Что это с ним? Точно подменили. Был забитой несчастной зверушкой, а теперь – ну вылитый император Наполеон, только треуголки, мундирчика и сапожек недостает.
– Что, – интересуюсь, – в должности тебя повысили?
Шмыгая носиком, он в недоумении уставляет на меня блестящие черные глазки, еще сильнее напоминая стареющую жирную мышку с пушком серо-седых волос на черепке.
– Изменился ты, брат, – поясняю. – Вот я и решил, что начальником тебя сделали.
Муся мелко, по-старушечьи смеется, потом опять становится серьезным и самодовольным.
– Это очень большой секрет.
– Неужто тебя завербовала американская разведка?
– А, понимаю, вы… ты шутишь. – Муся скалится, обнажив выдвинутые вперед желтоватые верхние зубки. – Но это, правда, важная тайна. Я клятву дал и не могу ее нарушить.

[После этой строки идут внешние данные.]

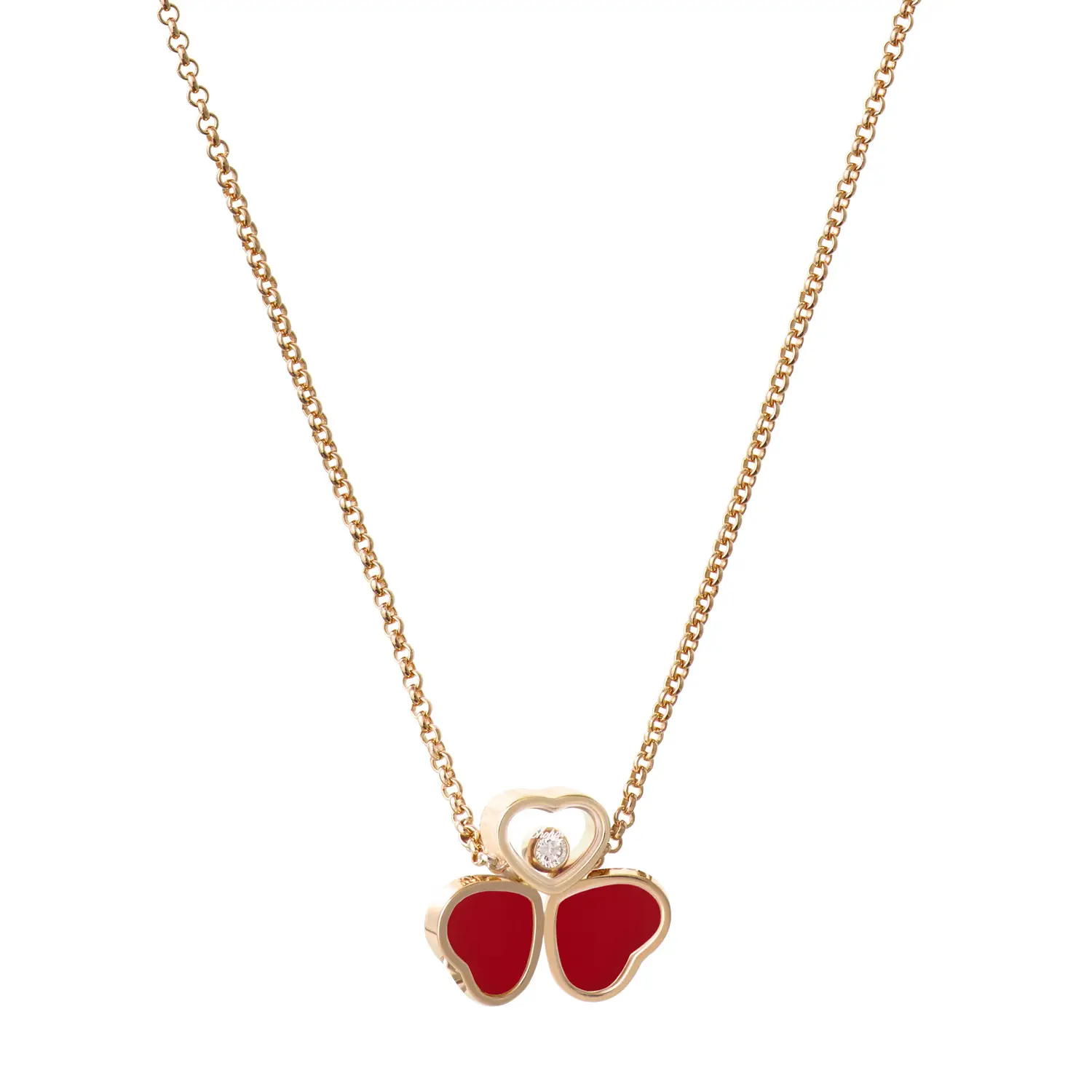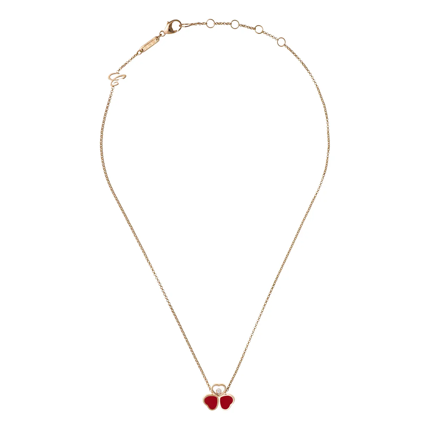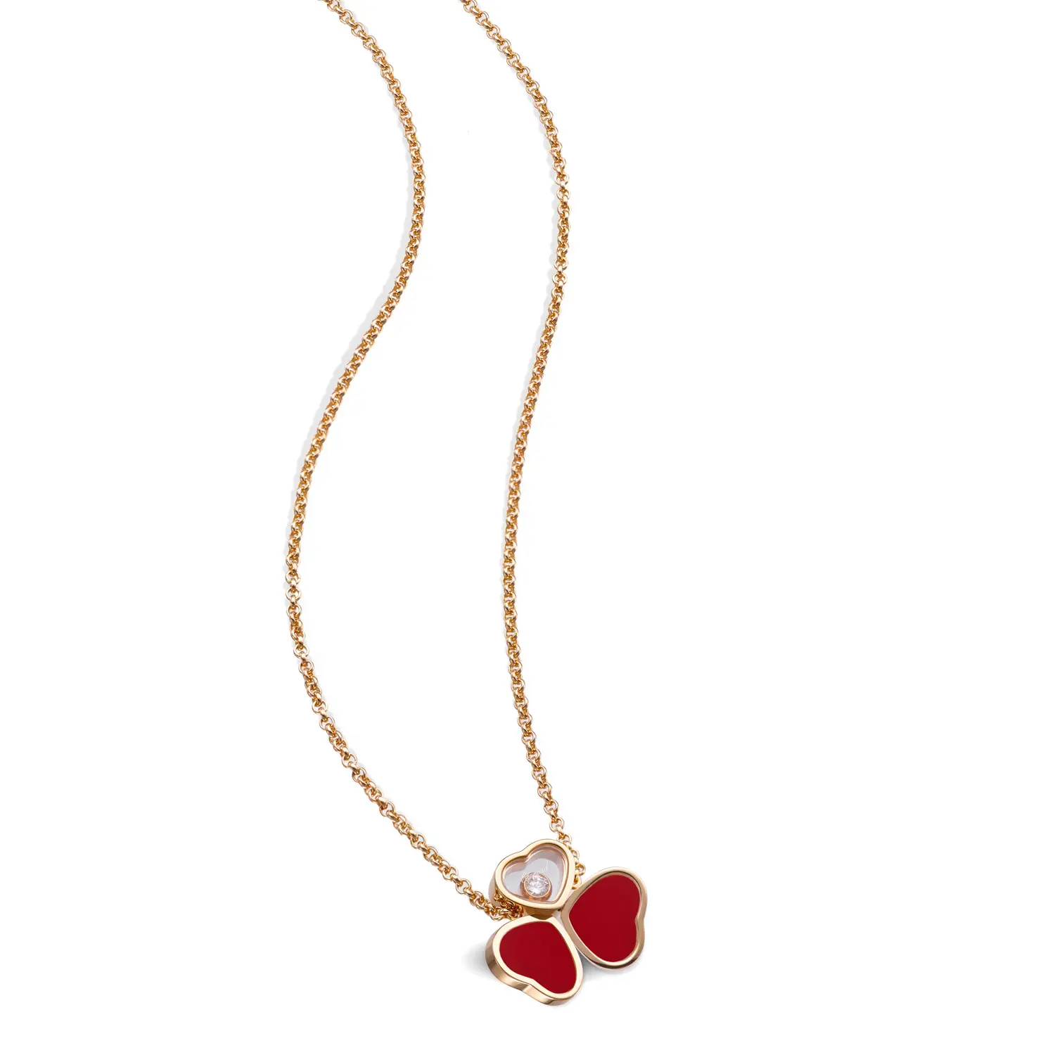 Náhrdelník Chopard Happy Hearts Wings 81A083-5811 je poetickým vyjádřením lehkosti, elegance a radosti ze života. Vyroben z 18karátového etického růžového zlata, zdobí jej dva srdcovité kameny z červeného karneolu a volně pohybující se diamant umístěný ve středovém srdci. Tvar motýlích křídel symbolizuje svobodu, jemnost a ženskost – hodnoty, které dokonale vystihují ducha kolekce Happy Hearts Wings.
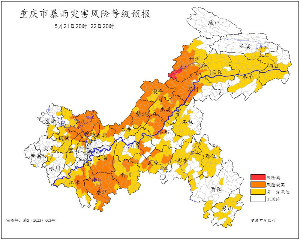 5月21日12点,重庆市气象局继续发布暴雨灾害Ⅳ级预警,与5月20日发布的暴雨灾害预警情况相比,我市东北部地区雨量预报调整为大到暴雨,局地大暴雨,暴雨灾害风险也相应调整,其余地区预报结论基本一致。

– Да я и не настаиваю. Клятва – это святое… Кстати, что у тебя за цацка на шее висит? Уж не орден ли за выдающиеся заслуги… Перед кем? На кого работаешь? Колись! Важные государственные тайны продаешь?
От моей незамысловатой шутки Муся снова принимается трястись, как желе, и вновь серьезнеет.
– Это тоже секрет…
Ишь ты, какой законспирированный, с головы до самых ног в клетчатых домашних тапках. Раззадоренное любопытство тотчас вылезает из меня, как белочка из дупла, и принимается шустро озираться кругом: что? где? когда? Но я усилием воли заталкиваю его обратно. Лично мне жизнь уже объяснила доходчиво и жестоко: не суй нос не в свои дела.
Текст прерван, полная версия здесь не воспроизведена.